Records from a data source
-----
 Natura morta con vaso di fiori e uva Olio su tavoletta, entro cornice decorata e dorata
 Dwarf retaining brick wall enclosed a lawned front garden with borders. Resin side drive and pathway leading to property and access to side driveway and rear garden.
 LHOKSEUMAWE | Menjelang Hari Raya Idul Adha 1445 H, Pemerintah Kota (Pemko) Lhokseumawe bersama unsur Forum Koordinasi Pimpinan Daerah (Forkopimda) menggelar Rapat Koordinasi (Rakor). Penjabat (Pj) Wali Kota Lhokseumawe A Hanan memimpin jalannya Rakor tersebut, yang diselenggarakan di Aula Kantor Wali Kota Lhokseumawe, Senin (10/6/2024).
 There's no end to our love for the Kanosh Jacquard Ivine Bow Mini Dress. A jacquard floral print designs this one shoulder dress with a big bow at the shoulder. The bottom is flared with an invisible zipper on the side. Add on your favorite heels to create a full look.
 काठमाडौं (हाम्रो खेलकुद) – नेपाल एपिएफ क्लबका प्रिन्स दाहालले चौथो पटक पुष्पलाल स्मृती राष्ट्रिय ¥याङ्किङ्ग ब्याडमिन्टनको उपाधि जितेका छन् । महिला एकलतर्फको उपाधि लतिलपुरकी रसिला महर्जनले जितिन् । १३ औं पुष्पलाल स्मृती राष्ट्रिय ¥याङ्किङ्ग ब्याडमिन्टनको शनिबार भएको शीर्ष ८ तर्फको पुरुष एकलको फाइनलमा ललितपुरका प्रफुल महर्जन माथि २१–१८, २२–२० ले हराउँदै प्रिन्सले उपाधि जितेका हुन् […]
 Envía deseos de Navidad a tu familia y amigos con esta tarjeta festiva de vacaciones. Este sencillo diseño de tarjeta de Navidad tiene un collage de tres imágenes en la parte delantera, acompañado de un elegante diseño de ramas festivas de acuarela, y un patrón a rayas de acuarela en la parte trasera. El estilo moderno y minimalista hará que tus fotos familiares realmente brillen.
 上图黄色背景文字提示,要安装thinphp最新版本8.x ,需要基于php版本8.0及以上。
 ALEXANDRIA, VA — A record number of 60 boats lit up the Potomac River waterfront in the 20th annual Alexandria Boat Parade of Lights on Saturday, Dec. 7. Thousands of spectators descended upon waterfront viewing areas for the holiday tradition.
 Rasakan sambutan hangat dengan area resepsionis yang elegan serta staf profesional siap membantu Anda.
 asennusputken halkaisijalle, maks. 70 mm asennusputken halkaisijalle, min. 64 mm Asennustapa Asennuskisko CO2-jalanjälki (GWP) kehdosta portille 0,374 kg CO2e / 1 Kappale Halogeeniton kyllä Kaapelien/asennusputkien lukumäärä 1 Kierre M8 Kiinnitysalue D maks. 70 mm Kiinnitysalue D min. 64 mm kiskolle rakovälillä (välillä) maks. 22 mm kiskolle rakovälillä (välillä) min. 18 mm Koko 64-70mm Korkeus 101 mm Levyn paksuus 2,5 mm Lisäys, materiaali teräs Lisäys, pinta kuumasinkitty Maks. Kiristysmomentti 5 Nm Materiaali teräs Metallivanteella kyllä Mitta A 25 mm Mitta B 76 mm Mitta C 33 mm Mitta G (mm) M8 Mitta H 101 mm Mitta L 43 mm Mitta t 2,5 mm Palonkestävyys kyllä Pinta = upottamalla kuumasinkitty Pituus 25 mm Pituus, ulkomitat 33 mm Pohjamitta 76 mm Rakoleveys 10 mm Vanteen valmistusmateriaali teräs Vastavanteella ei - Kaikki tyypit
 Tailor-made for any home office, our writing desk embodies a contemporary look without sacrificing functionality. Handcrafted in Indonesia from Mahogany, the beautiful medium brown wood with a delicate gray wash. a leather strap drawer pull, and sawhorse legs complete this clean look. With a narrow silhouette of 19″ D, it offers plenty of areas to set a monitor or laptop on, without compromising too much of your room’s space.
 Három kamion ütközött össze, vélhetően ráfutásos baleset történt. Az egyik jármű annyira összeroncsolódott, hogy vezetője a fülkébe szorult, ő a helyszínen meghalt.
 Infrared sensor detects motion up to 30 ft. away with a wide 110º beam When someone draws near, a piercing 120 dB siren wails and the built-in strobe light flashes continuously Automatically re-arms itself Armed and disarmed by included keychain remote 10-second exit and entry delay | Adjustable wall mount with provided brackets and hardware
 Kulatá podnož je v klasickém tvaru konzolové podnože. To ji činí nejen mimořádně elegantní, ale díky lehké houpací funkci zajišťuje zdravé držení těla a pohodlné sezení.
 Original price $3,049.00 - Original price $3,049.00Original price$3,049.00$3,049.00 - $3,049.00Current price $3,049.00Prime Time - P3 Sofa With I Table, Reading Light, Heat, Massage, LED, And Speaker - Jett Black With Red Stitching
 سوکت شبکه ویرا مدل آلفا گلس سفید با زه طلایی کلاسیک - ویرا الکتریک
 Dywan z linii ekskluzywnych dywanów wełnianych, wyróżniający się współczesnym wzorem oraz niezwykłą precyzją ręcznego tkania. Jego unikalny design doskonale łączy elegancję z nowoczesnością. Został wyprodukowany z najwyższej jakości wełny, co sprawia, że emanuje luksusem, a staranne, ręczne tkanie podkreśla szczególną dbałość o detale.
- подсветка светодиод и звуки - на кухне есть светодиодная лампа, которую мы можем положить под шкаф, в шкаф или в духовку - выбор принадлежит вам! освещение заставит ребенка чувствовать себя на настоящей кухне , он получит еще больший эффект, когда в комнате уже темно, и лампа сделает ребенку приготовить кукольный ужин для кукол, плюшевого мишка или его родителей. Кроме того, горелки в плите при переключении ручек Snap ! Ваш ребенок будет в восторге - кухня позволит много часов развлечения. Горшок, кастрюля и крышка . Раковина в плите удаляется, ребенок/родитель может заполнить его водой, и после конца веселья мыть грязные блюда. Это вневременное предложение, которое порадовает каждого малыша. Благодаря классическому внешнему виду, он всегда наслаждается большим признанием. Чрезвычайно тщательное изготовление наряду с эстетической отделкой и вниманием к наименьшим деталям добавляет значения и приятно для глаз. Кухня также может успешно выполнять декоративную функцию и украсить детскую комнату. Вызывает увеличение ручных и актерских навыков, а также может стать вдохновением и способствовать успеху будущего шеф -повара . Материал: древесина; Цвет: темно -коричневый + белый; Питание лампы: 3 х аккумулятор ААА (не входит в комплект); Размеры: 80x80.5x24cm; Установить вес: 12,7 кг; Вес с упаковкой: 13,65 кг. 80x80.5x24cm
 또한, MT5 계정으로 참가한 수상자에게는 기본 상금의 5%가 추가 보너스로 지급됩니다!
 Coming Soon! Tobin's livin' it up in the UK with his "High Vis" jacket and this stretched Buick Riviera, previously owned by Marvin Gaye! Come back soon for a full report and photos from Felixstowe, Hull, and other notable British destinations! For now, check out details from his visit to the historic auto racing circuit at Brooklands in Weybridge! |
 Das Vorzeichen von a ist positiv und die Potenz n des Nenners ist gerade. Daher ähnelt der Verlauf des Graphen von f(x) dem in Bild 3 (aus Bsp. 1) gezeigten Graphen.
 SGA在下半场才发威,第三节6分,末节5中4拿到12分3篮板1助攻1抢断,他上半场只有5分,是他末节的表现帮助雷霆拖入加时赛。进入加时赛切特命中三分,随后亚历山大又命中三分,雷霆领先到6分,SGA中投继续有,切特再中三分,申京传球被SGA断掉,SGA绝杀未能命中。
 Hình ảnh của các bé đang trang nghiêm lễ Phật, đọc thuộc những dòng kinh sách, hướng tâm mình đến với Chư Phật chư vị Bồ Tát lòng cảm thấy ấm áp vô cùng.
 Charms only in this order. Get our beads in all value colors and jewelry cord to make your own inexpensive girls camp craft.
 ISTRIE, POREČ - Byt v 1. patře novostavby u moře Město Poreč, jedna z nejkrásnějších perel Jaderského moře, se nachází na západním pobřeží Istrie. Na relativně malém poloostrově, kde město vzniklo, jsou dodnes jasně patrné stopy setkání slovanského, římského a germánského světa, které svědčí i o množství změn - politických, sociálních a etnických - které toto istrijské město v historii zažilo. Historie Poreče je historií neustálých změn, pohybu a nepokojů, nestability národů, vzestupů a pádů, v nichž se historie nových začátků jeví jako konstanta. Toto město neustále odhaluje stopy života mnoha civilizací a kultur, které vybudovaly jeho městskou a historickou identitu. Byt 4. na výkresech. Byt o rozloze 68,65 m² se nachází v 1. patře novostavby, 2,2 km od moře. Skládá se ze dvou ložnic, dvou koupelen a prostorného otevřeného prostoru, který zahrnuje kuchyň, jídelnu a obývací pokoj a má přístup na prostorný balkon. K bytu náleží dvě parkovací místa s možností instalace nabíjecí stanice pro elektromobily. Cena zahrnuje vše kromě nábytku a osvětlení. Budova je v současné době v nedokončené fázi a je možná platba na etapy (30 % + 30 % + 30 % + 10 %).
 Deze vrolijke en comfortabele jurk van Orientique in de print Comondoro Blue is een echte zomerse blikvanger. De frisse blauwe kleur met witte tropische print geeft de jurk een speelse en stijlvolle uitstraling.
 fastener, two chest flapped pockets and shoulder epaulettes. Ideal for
-----
### Exercise brief
The expected answer is every line above in which the word "full" appears.

### Reply to the exercise
 There's no end to our love for the Kanosh Jacquard Ivine Bow Mini Dress. A jacquard floral print designs this one shoulder dress with a big bow at the shoulder. The bottom is flared with an invisible zipper on the side. Add on your favorite heels to create a full look.
 Coming Soon! Tobin's livin' it up in the UK with his "High Vis" jacket and this stretched Buick Riviera, previously owned by Marvin Gaye! Come back soon for a full report and photos from Felixstowe, Hull, and other notable British destinations! For now, check out details from his visit to the historic auto racing circuit at Brooklands in Weybridge! |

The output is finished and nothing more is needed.